How major style guides rule on "anymore"
American style closes 'anymore' as an adverb of time; British English often keeps 'any more' open.
The disagreement on "anymore" is an example of closed adverb vs open determiner phrase, the category of style-guide differences that most often confuses copy editors and creates inconsistency across long documents. Below is a guide-by-guide breakdown, drawn directly from the published editions cited.
| Style guide | Preferred form |
|---|---|
| AP Stylebook (2024–2025 Edition) | anymore |
| Chicago Manual of Style | anymore (adv.) / any more (det.) |
| MLA Handbook | anymore |
| APA Publication Manual | anymore |
| Merriam-Webster Dictionary | anymore |
What the divergence actually means
Unlike many compound-modernization decisions where style guides eventually converge, "anymore" continues to show genuine divergence between major guides. The AP Stylebook treats this as a settled call; Chicago Manual leaves more flexibility; and Merriam-Webster, as a descriptive dictionary, records both forms. Source: Chicago Manual of Style, 17th Edition
The APA Publication Manual aligns with AP and Chicago on "anymore", though APA generally addresses spelling questions only when they intersect with statistical reporting or technical psychology vocabulary.

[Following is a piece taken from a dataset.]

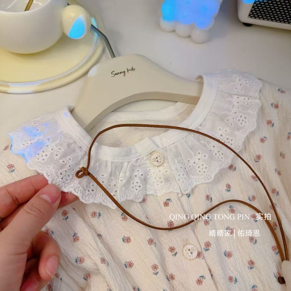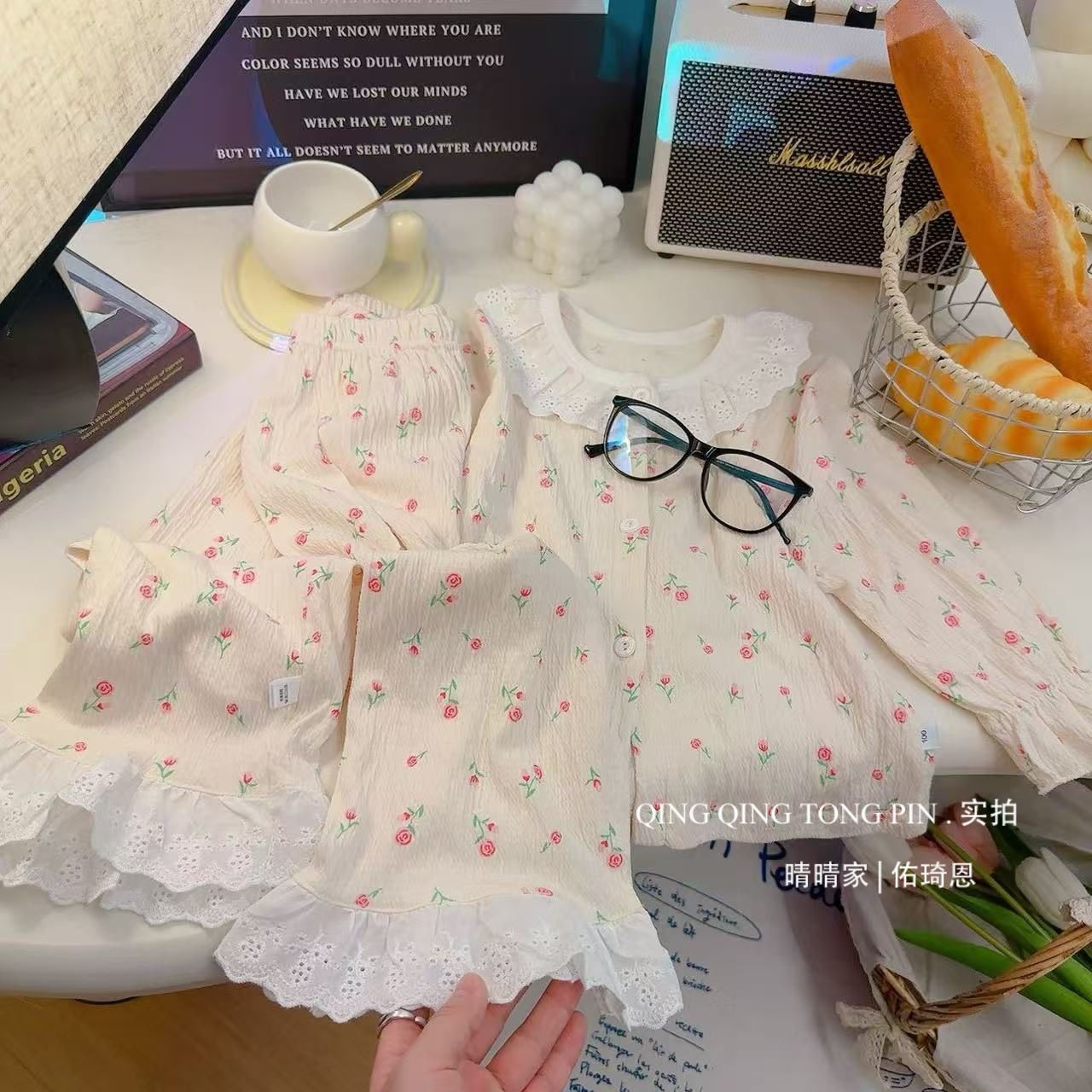 어린이 홈 의류 세트 레이스 새 꽃 소녀 잠옷 바지 공주 에어컨 옷 봄과 가을 한국 스타일스토어 가기

Where the manual is silent, APA defers to Merriam-Webster as its standard reference. Source: APA Publication Manual, 7th Edition
Merriam-Webster lists "anymore", which serves as the lexicographic baseline for U.S. style decisions. Because Merriam-Webster's entries reflect aggregated published usage rather than editorial preference, when a guide says "follow Merriam-Webster", as APA does, that effectively delegates the call to whichever spelling has dominated the published corpus. Source: Merriam-Webster Dictionary
Garner's Modern English Usage classifies the "anymore" / "any more" pair on its Language-Change Index, a five-stage scale measuring whether a once-disputed form has been accepted into Standard English. For closed adverb vs open determiner phrase, Garner's typically rates the dominant form at Stage 4 ("ubiquitous but objected to by traditionalists") or Stage 5 ("fully accepted"). Source: Garner's Modern English Usage, 5th Edition
Practical guidance for editors
For working writers, the practical rule is straightforward: in journalism, follow AP; in academic writing in the humanities, follow MLA or Chicago; in social-science publishing, follow APA; in book publishing, follow Chicago. When no house style applies, Merriam-Webster's main entry is the safest default. The differences across these guides on "anymore" reflect not disagreement about correctness but different audiences and editorial pressures.
Editorial context
Copy editors most often mangle the "anymore" / "any more" distinction by defaulting to the closed adverbial form in quantitative contexts, where the open spelling is obligatory even in American English. A concrete example of this persistent error appears in Do you require anymore information?, which should read any more information to correctly convey an additional amount rather than temporal concession. This blunder stems from phonetic similarity, both pronounced /ɛni mɔr/, and the influence of ubiquitous adverbial examples like They don't make cars like that anymore, coupled with autocorrect complacency. The Corpus of Contemporary American English (COCA) reveals "any more" comprising over 95% of quantitative hits since 1990, underscoring the register split: closed for the adverb of time or negation (per historical compounding akin to "nowadays"), open for determiner/pronoun uses. Editorial reasoning emphasizes semantic precision over one-size-fits-all closure, a nuance overlooked in rushed proofreading.
Cross-references
For the dictionary entry, frequency data, and pronunciation of anymore, see the main word page. For other style-guide spelling decisions in this category, browse all style-guide spelling rulings.